UNLABELLED: Tinnitus is characterized by the perception of sound in the absence of an external auditory stimulus. The network connectivity of auditory and non-auditory brain structures associated with emotion, memory and attention are functionally altered in debilitating tinnitus. Current studies suggest that tinnitus results from neuroplastic changes in the frontal and limbic temporal regions. The objective of this study was to use Single-Photon Emission Computed Tomography (SPECT) to evaluate changes in the cerebral blood flow in tinnitus patients with normal hearing compared with healthy controls.
METHODS: Twenty tinnitus patients with normal hearing and 17 healthy controls, matched for sex, age and years of education, were subjected to Single Photon Emission Computed Tomography using the radiotracer ethylenedicysteine diethyl ester, labeled with Technetium 99 m (99 mTc-ECD SPECT). The severity of tinnitus was assessed using the "Tinnitus Handicap Inventory" (THI). The images were processed and analyzed using "Statistical Parametric Mapping" (SPM8).

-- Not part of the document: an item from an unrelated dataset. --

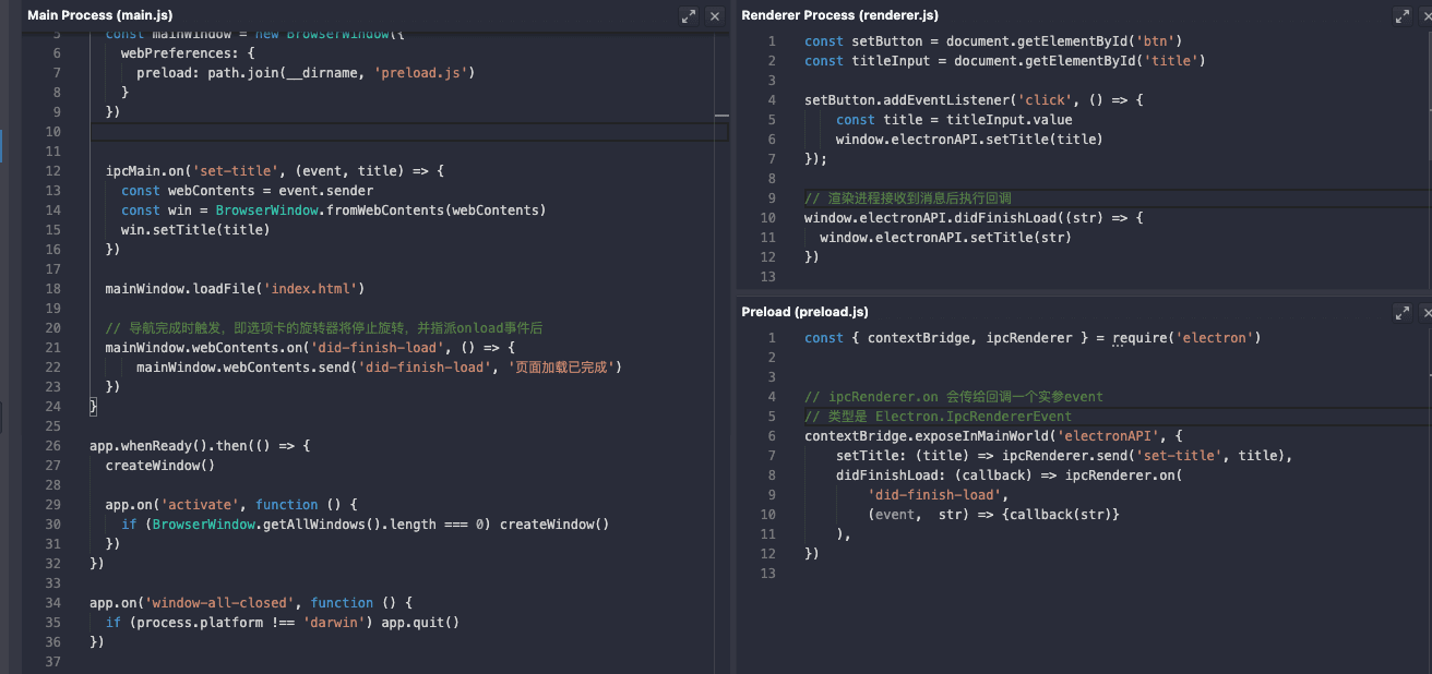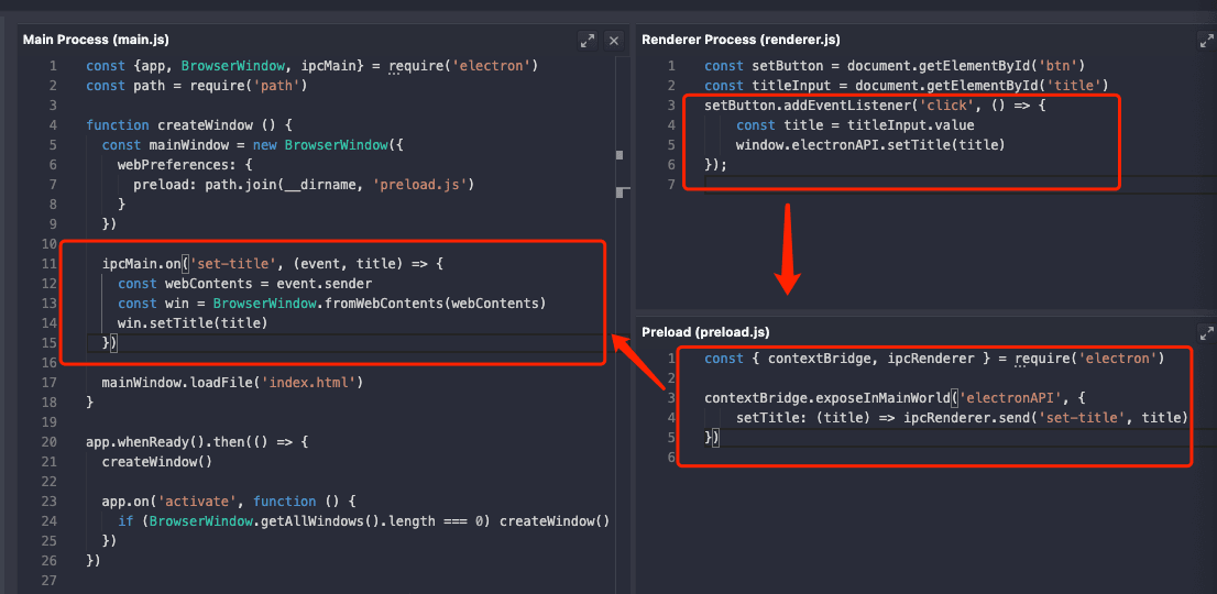 handleSetTitle回调函数有两个参数:一个 IpcMainEvent 结构和一个title字符串。 每当消息通过set-title通道传入时,此函数找到附加到消息发送方的 BrowserWindow 实例,并在该实例上使用win.setTitleAPI。通过预加载脚本暴露

RESULTS: A significant increase in cerebral perfusion in the left parahippocampal gyrus (pFWE <0.05) was observed in patients with tinnitus compared with healthy controls. The average total THI score was 50.8+18.24, classified as moderate tinnitus.
CONCLUSION: It was possible to identify significant changes in the limbic system of the brain perfusion in tinnitus patients with normal hearing, suggesting that central mechanisms, not specific to the auditory pathway, are involved in the pathophysiology of symptoms, even in the absence of clinically diagnosed peripheral changes.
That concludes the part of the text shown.